**Data**
▬▬▬
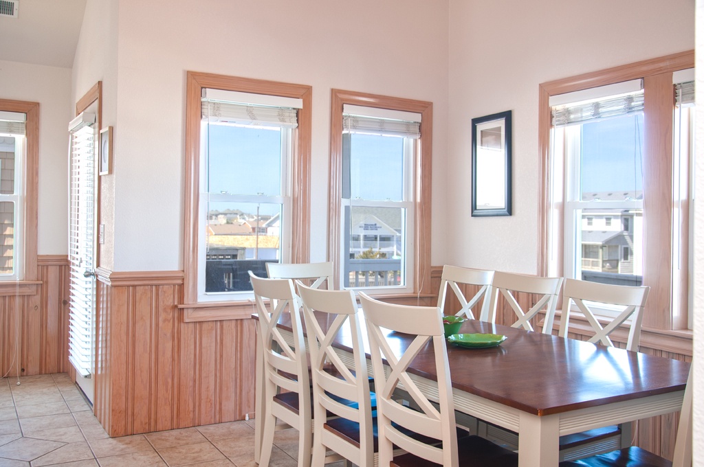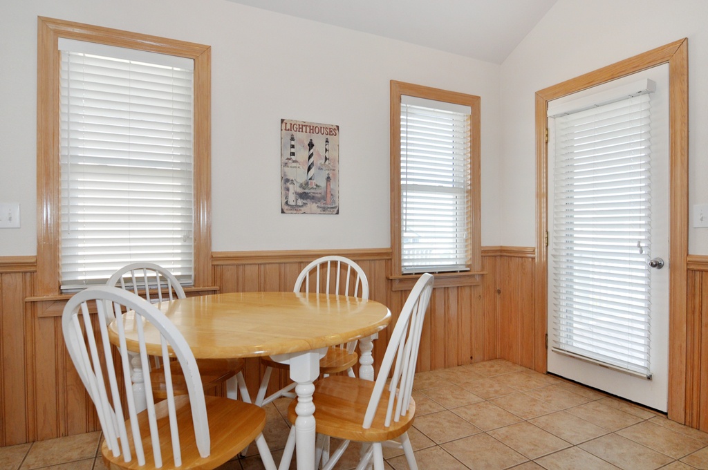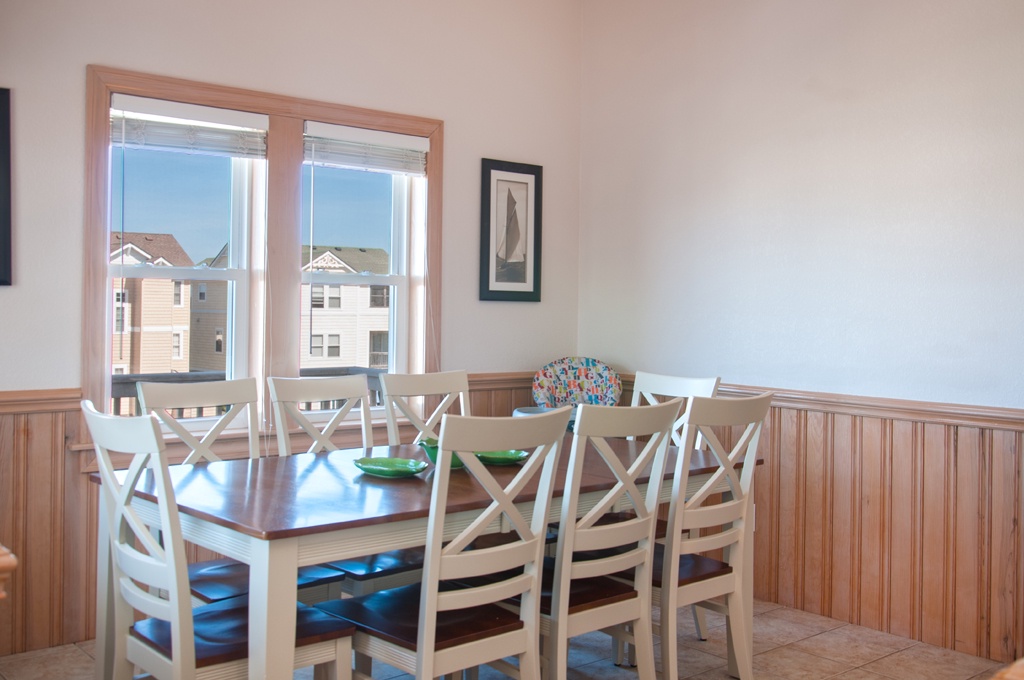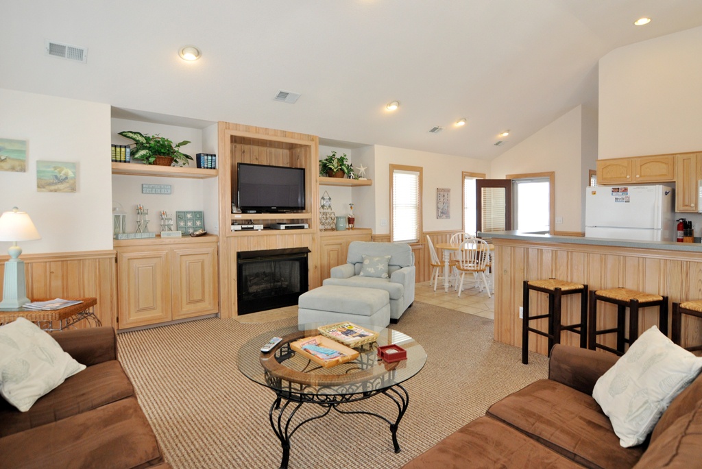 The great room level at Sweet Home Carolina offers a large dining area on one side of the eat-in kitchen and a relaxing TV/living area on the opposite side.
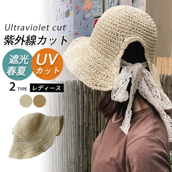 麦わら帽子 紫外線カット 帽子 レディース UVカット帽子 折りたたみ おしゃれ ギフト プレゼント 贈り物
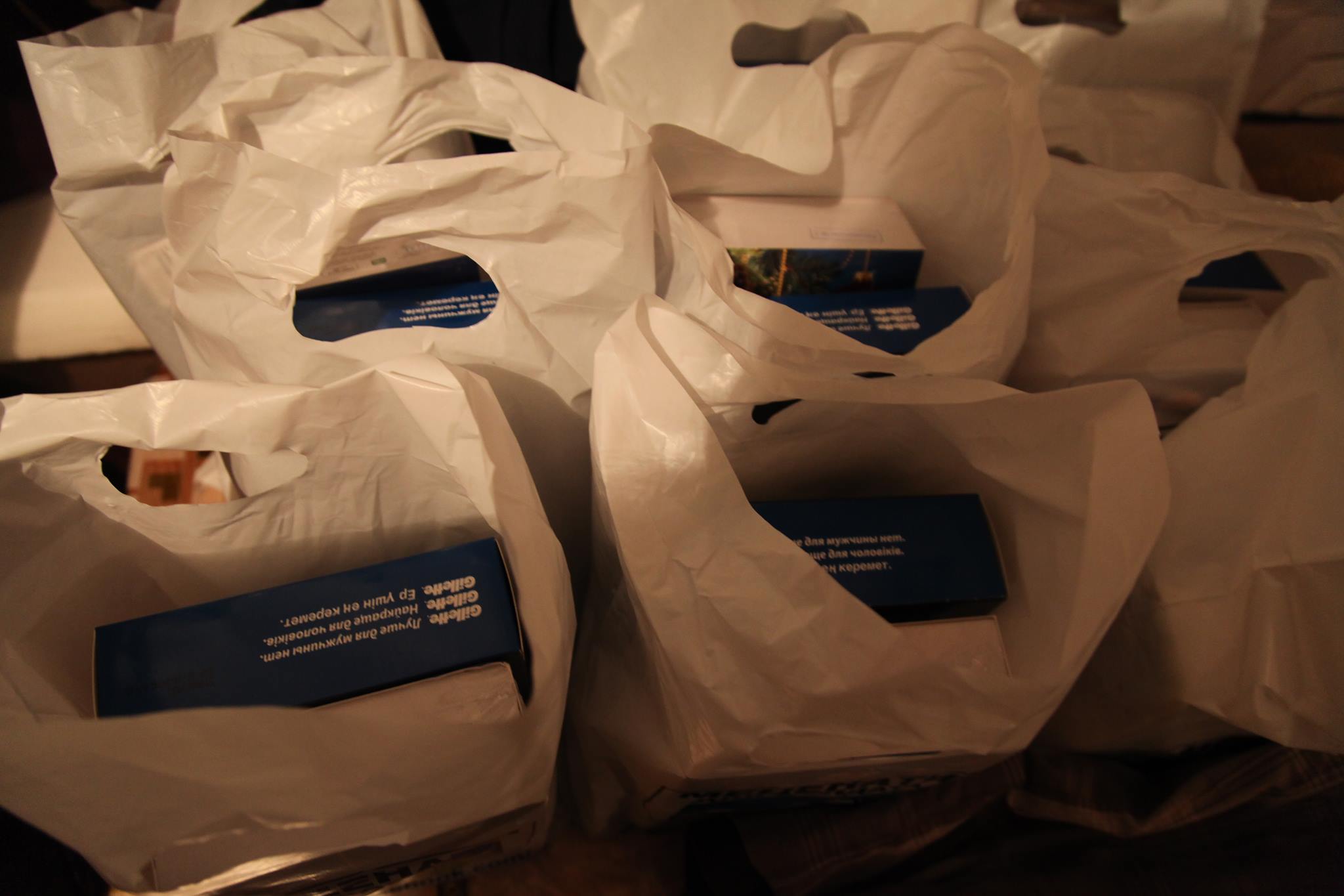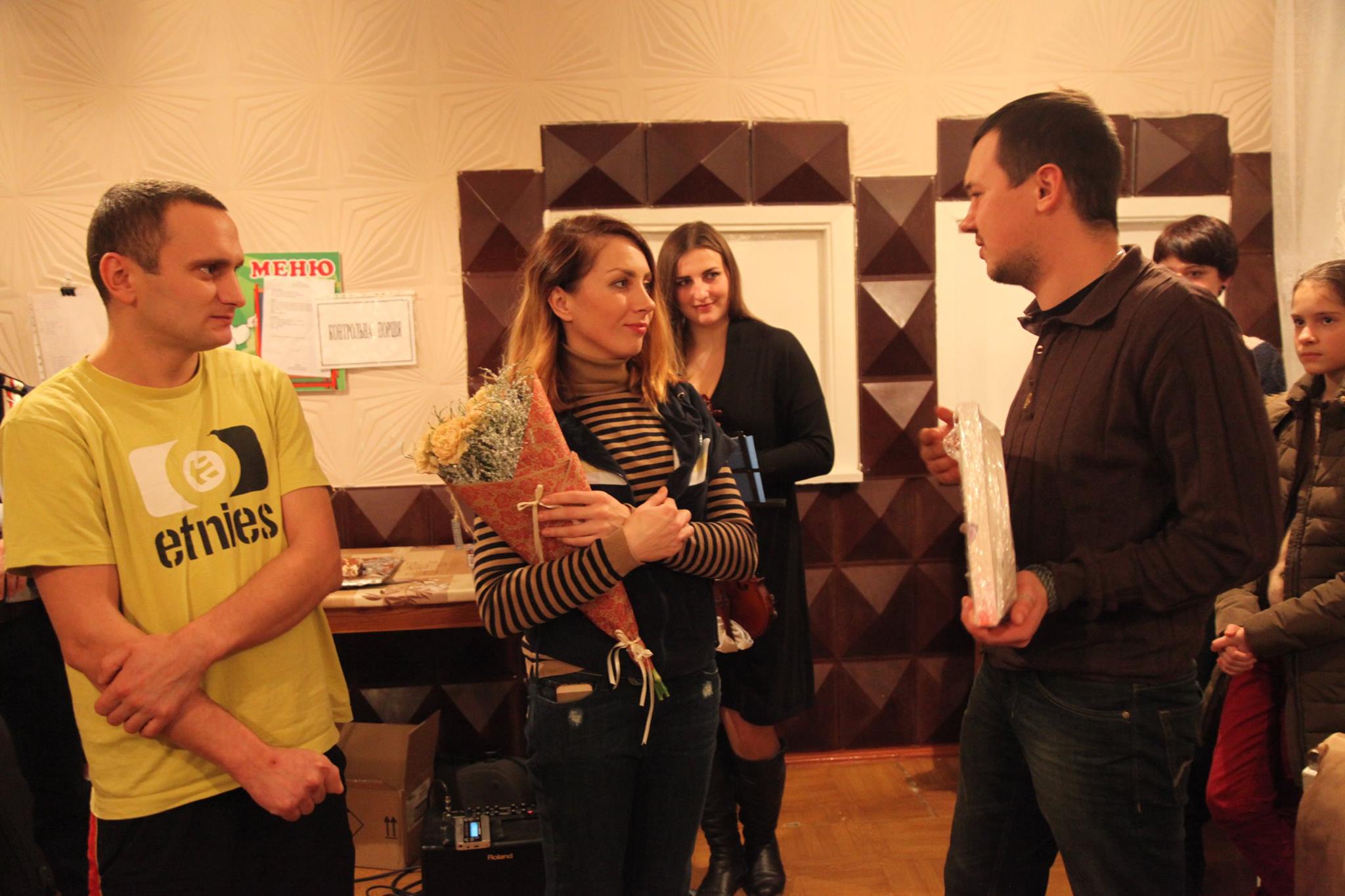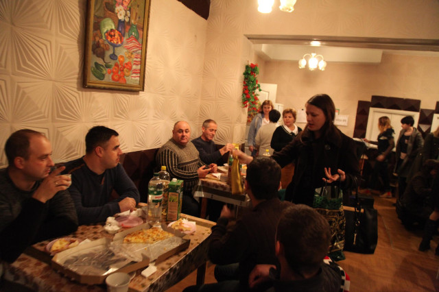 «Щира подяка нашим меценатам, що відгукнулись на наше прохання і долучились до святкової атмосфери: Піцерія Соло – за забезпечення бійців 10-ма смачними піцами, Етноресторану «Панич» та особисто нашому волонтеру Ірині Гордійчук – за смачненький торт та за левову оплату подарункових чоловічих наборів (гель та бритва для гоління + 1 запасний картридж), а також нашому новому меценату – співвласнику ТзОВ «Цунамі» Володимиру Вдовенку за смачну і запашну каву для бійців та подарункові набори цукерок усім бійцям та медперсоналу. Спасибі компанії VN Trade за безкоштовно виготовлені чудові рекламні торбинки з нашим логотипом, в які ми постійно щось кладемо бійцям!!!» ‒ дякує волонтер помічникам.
▬▬▬
**Task statement**
The output consists of exactly the lines from the one containing "麦わら帽子 紫外線カット 帽子" through the last line of the listing, both included, with no pictures.

**Response to this task**
 麦わら帽子 紫外線カット 帽子 レディース UVカット帽子 折りたたみ おしゃれ ギフト プレゼント 贈り物
 «Щира подяка нашим меценатам, що відгукнулись на наше прохання і долучились до святкової атмосфери: Піцерія Соло – за забезпечення бійців 10-ма смачними піцами, Етноресторану «Панич» та особисто нашому волонтеру Ірині Гордійчук – за смачненький торт та за левову оплату подарункових чоловічих наборів (гель та бритва для гоління + 1 запасний картридж), а також нашому новому меценату – співвласнику ТзОВ «Цунамі» Володимиру Вдовенку за смачну і запашну каву для бійців та подарункові набори цукерок усім бійцям та медперсоналу. Спасибі компанії VN Trade за безкоштовно виготовлені чудові рекламні торбинки з нашим логотипом, в які ми постійно щось кладемо бійцям!!!» ‒ дякує волонтер помічникам.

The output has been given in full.